Tholine

chemische stof

Tholine (naar het Oudgriekse θολός, tholós, troebel) is de benaming die door astronoom Carl Sagan werd ingevoerd voor een klasse van nauw verwante organische verbindingen, meer bepaald roodbruine copolymeren, die zich in de buitenste manen en planeten van het zonnestelsel bevinden. Zij worden gevormd uit eenvoudige organische verbindingen zoals methaan of ethaan, onder invloed van de ultraviolette straling van de Zon of hoogenergetische deeltjes (bijvoorbeeld kosmische straling).

Vorming van tholines op Titan.

Op de manen Triton en Titan verbinden stikstofgas en methaan zich tot tholines onder invloed van zonlicht. De atmosfeer van Triton bevat 99,9% stikstof en 0,1% methaan. De atmosfeer van Titan bevat 98,4% stikstof en 1,6% methaan. De oranjerode kleur van de atmosfeer van Titan wordt wellicht veroorzaakt door de aanwezigheid van tholines.[1][2] De Near Infrared Camera and Multi-Object Spectrometer van de Hubbletelescoop heeft tholines waargenomen in de protoplanetaire schijf bij de amper 8 miljoen jaar oude dubbelster HR 4796, op 237 lichtjaar afstand van de Zon.
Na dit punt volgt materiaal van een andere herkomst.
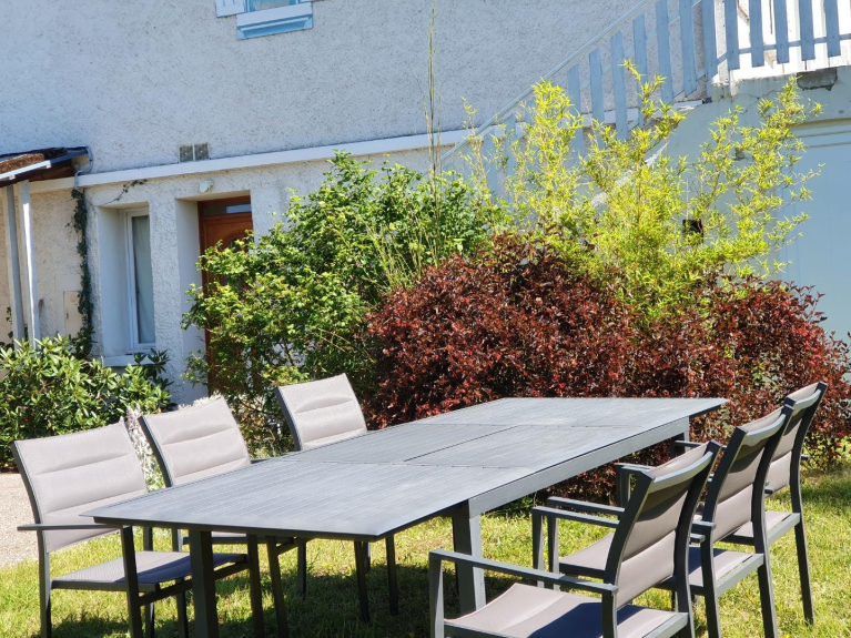 En été : Jardin arboré avec salon de jardin, tennis de table, barbecue.
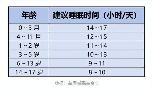 根据美国睡眠基金会的研究,幼儿园的孩子至少要睡10个小时,小学要睡9小时,初中不少于8小时,具体可参考下面这张表。
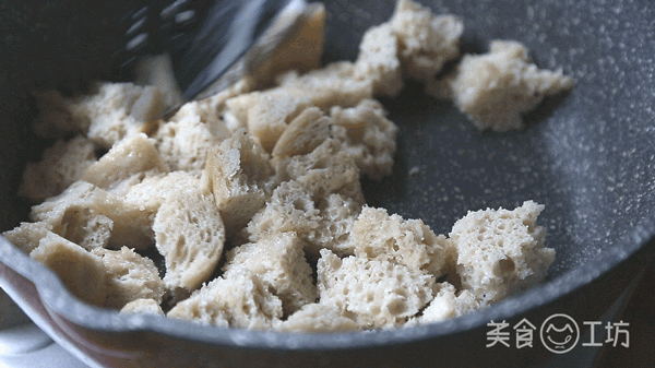 1、烤麸掰成小块,热油锅至油温约170℃,放入烤麸以中火油炸至烤麸表面呈金黄酥脆状,捞出沥油备用。
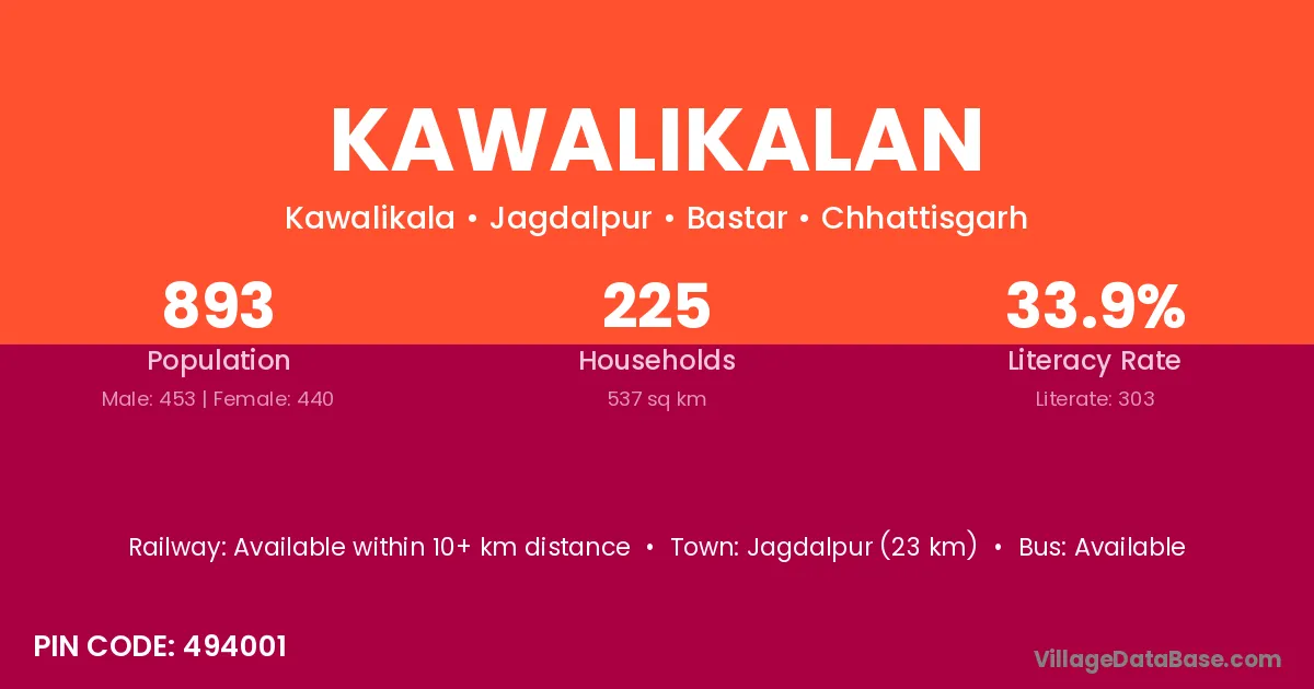 Jagdalpur (23 km) is the nearest town to Kawalikalan village for major economic activities and is located approximately 23 km away.
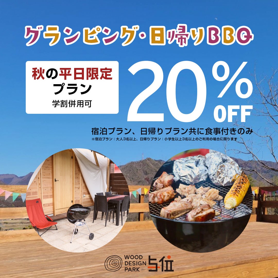 兵庫【ウッドデザインパーク与位】2023年OPENグランピング施設 秋のお得な宿泊プランや日帰りプランが充実!
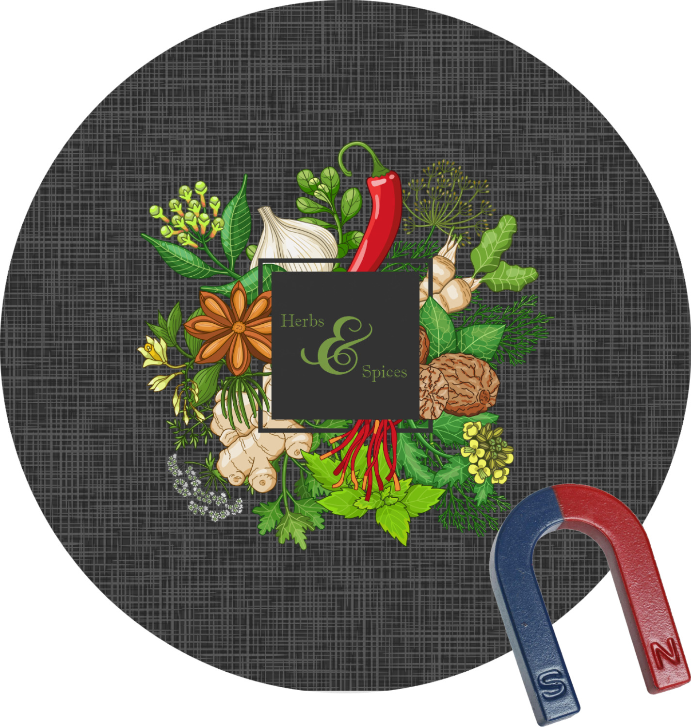 The design features an adorable frame of illustrated peppers, garlic, ginger, and other herbs. The background is a subtle texture in a charcoal color. A fun ribbon made with other spices and herbs makes the coordinating design. Both are easily personalized.

Ook op Charon, de maan van Pluto, komen tholines voor aan de noordpool. Dit werd duidelijk door de waarnemingen van de sonde New Horizons die in 2015 langs de dwergplanet vloog.[3]

In het Miller-Urey-experiment zijn ook tholines gevonden. Tholines zouden aan de basis van het leven kunnen liggen.